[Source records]

= Beginning of Section =

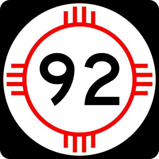 Keywords: New Mexico 92.svg 600 mm by 600 mm 24 in by 24 in New Mexico state road shield made to the specifications of the http //nmshtd state nm us/upload/images/Plans_Specs_Estimates/Division 20700/701/701 pdf PS E Standard Drawings Uses the Roadgeek 2005 fonts United States law does not permit the copyrighting of typeface designs and the fonts are meant to be copies of a U S Government-produced work anyway self-created using Inkscape and Image US DOT FHWA MUTCD SHS 2004 3-7 M1-6 450x450mm 00 svg 2008-03-26 Mr Matté Own work all rights released Public domain New Mexico State Road shields Shields created by User Mr Matté
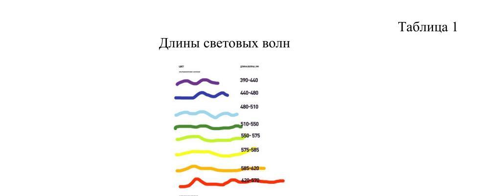 Каждый цвет спектра характеризуется длиной световой волны, то есть он может быть совершенно точно задан длиной волны или частотой колебаний. Световые волны сами по себе не имеют цвета (табл. 1). Другими словами, мы видим цвет, только потому, что есть свет [5. с. 181].
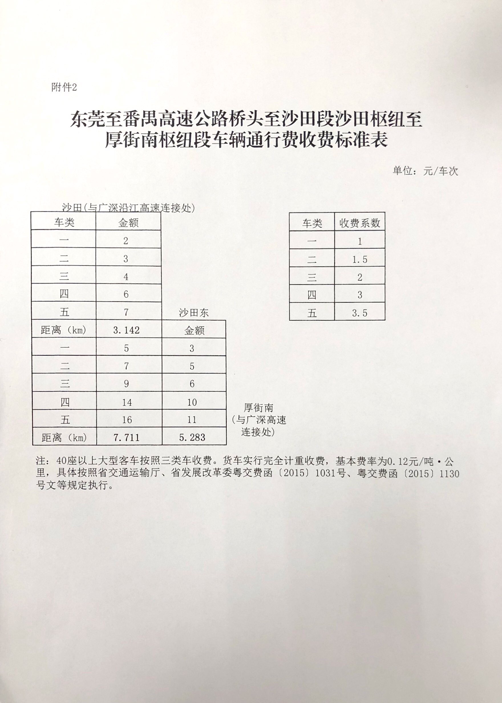 粵交費(fèi)〔2019〕333號(hào)請示收悉。同意東莞至番禺高速公路橋頭至沙田段沙田樞紐至厚街南樞紐段交工驗(yàn)收通車和收費(fèi)站收費(fèi)設(shè)施經(jīng)驗(yàn)收符合省聯(lián)網(wǎng)收費(fèi)技術(shù)要求后開始收費(fèi),收費(fèi)車型按國家統(tǒng)一標(biāo)準(zhǔn)進(jìn)行分類,1至5類車的收費(fèi)系數(shù)分別為1、1.5、2、3、3.5;貨車實(shí)行完全計(jì)重收費(fèi),基本費(fèi)率為0.12元/噸·公里。
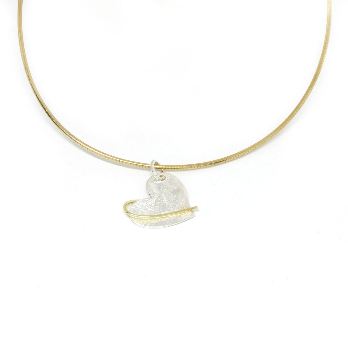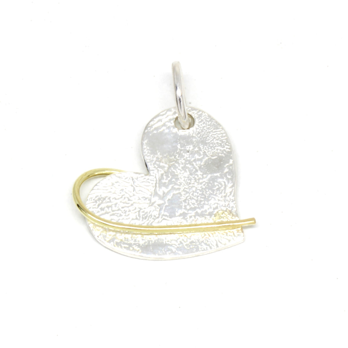 Sie mögen Herzformen allerdings nicht den Standardtyp? Dann ist dieses Handgefertigte Herz aus 925er Sterlingsilber genau das richtige für Sie. Die besondere Form und die individuelle Oberflächenbearbeitung machen den Anhänger zu einem tollen Schmuckstück, das in jedem Fall ein super kreatives Geschenk ist. Als besonderen Effekt haben wir einen schmalen Bogen aus 750er Gelbgold eingearbeitet. Somit kann man den Anhänger auch wunderbar zu Goldschmuck kombinieren.
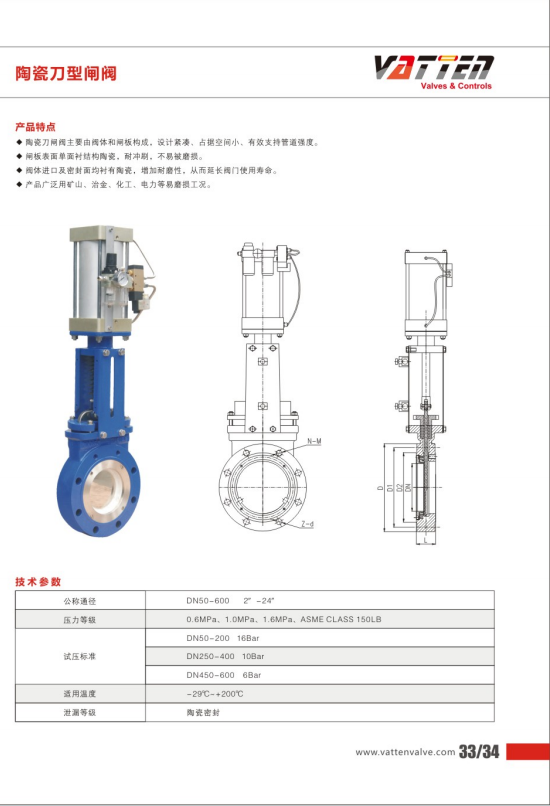 陶瓷刀型閘閥。陶瓷刀閘閥主要由閥體和閘板構(gòu)成,設(shè)計緊湊,占據(jù)空間小,有效支持管道強度。閘板表面單面襯結(jié)構(gòu),陶瓷耐沖刷,不易被磨損。閥體進(jìn)口及密封面均稱有陶瓷,增加耐磨性,從而延長閥門使用壽命。廣產(chǎn)品廣泛用于礦山、冶金、化工、電力等易磨損工況。
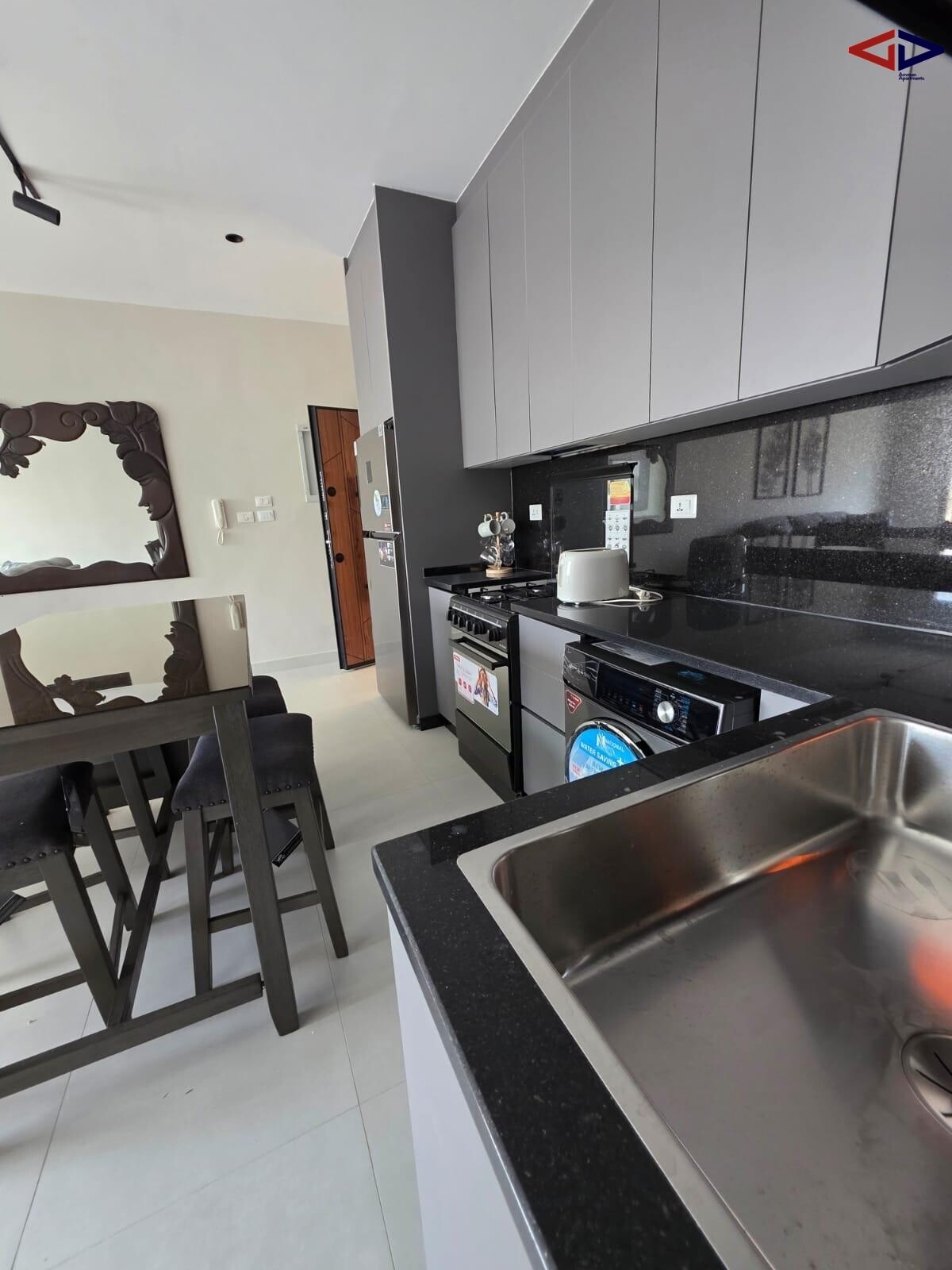 The apartment includes two comfortable bedrooms and two modern bathrooms finished with clean, contemporary touches. The bedrooms offer privacy and functionality, making the home both practical and welcoming.
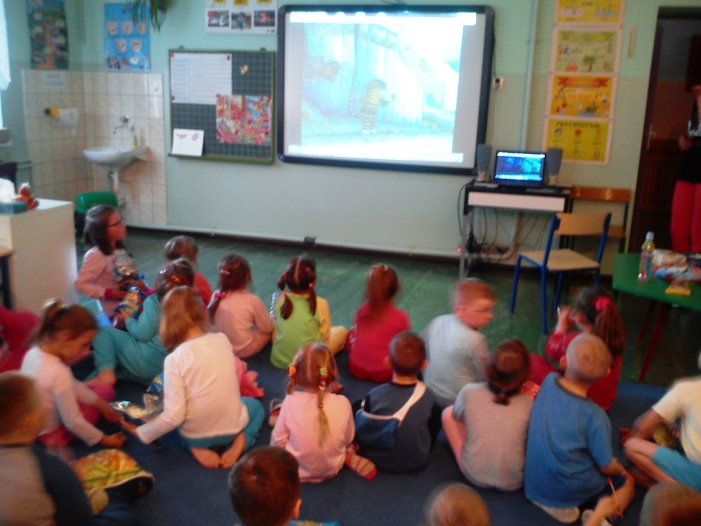 dawniej wyświetlano bajki, pani Bogusia przyniosła projektor do bajek
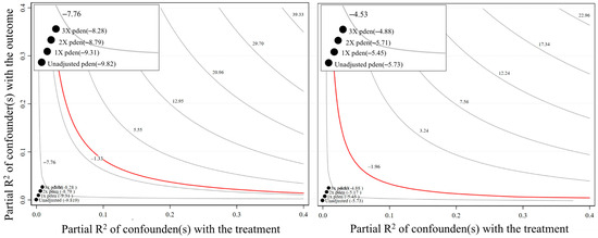 Sensitivity Analysis. Predicted intensity of carbon emission intensity from urban transportation development at sensitivity at baseline boundaries of 1×, 2×, and 3× on a biased R2 scale. The left panel shows the sensitivity contour plots for point estimates; the right panel shows the sensitivity contour plots for t values. Note: The dots in the figure indicate the strength of the prediction of carbon emission intensity by urban transportation development at sensitivities of 1×, 2×, and 3× at the baseline limits on the biased R2 scale. The left panel shows contour plots of sensitivity for point estimates; the right panel shows contour plots of sensitivity for t values.
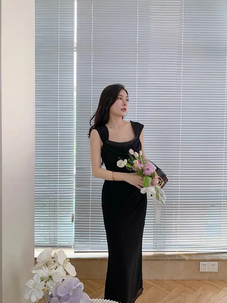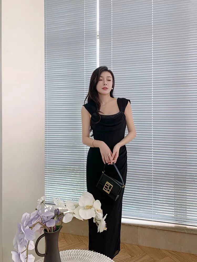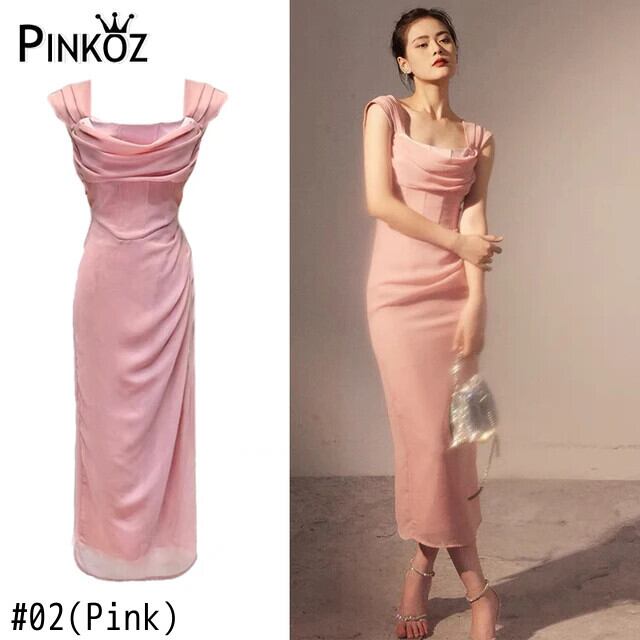Pinkoz デザイナーファッション衣類スパゲッティストラップピンクぬるぬる鉛筆ミディロングドレス折りシャーリングパーティーディナーvestidos
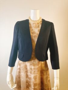 卒業式のお母さまの服装ではワンピース+ジャケットやアンサンブル、スーツなどが定番。卒業式は華やかな要素の強い入学式よりも厳かな雰囲気があるため、色はブラックやネイビーなど暗めのカラーがオススメですが、これという厳密な決まりはありません。また、近年ではジャケットを着用せずに式に参加する方も増えています。
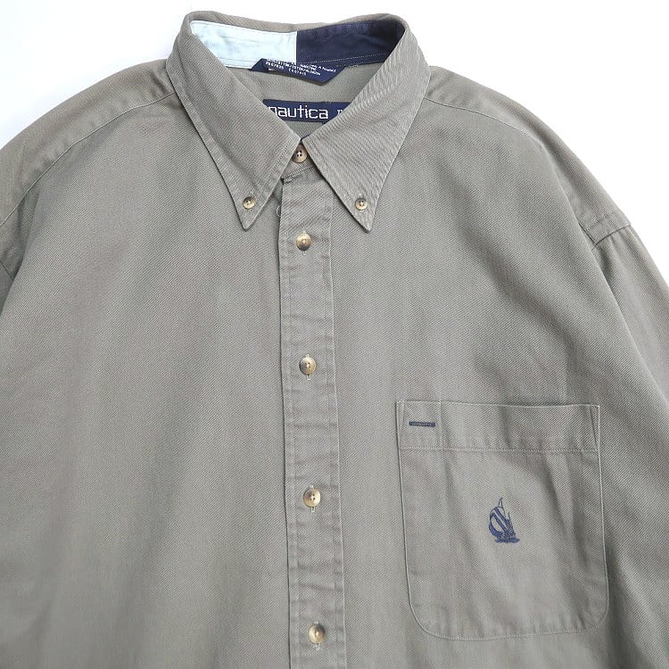 古着 90年代 ノーティカ NAUTICA ボタンダウンシャツ 長袖シャツ ワンポイント ベージュ 表記:XL gd408777n w60313 | 古着屋SLAT オンラインショップ 【古着通販】|東京 高円寺 レギュラー・ヴィンテージ古着
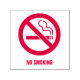 Cigarette icon with red prohibited circle. Custom text "No Smoking"

= End of Section =

## What this task involves
Starting with the line that has "Sie mögen Herzformen" and going on through the line that has "dawniej wyświetlano bajki, pani", transcribe the records above exactly, but skip the pictures.

## Result of this task
 Sie mögen Herzformen allerdings nicht den Standardtyp? Dann ist dieses Handgefertigte Herz aus 925er Sterlingsilber genau das richtige für Sie. Die besondere Form und die individuelle Oberflächenbearbeitung machen den Anhänger zu einem tollen Schmuckstück, das in jedem Fall ein super kreatives Geschenk ist. Als besonderen Effekt haben wir einen schmalen Bogen aus 750er Gelbgold eingearbeitet. Somit kann man den Anhänger auch wunderbar zu Goldschmuck kombinieren.
 陶瓷刀型閘閥。陶瓷刀閘閥主要由閥體和閘板構(gòu)成,設(shè)計緊湊,占據(jù)空間小,有效支持管道強度。閘板表面單面襯結(jié)構(gòu),陶瓷耐沖刷,不易被磨損。閥體進(jìn)口及密封面均稱有陶瓷,增加耐磨性,從而延長閥門使用壽命。廣產(chǎn)品廣泛用于礦山、冶金、化工、電力等易磨損工況。
 The apartment includes two comfortable bedrooms and two modern bathrooms finished with clean, contemporary touches. The bedrooms offer privacy and functionality, making the home both practical and welcoming.
 dawniej wyświetlano bajki, pani Bogusia przyniosła projektor do bajek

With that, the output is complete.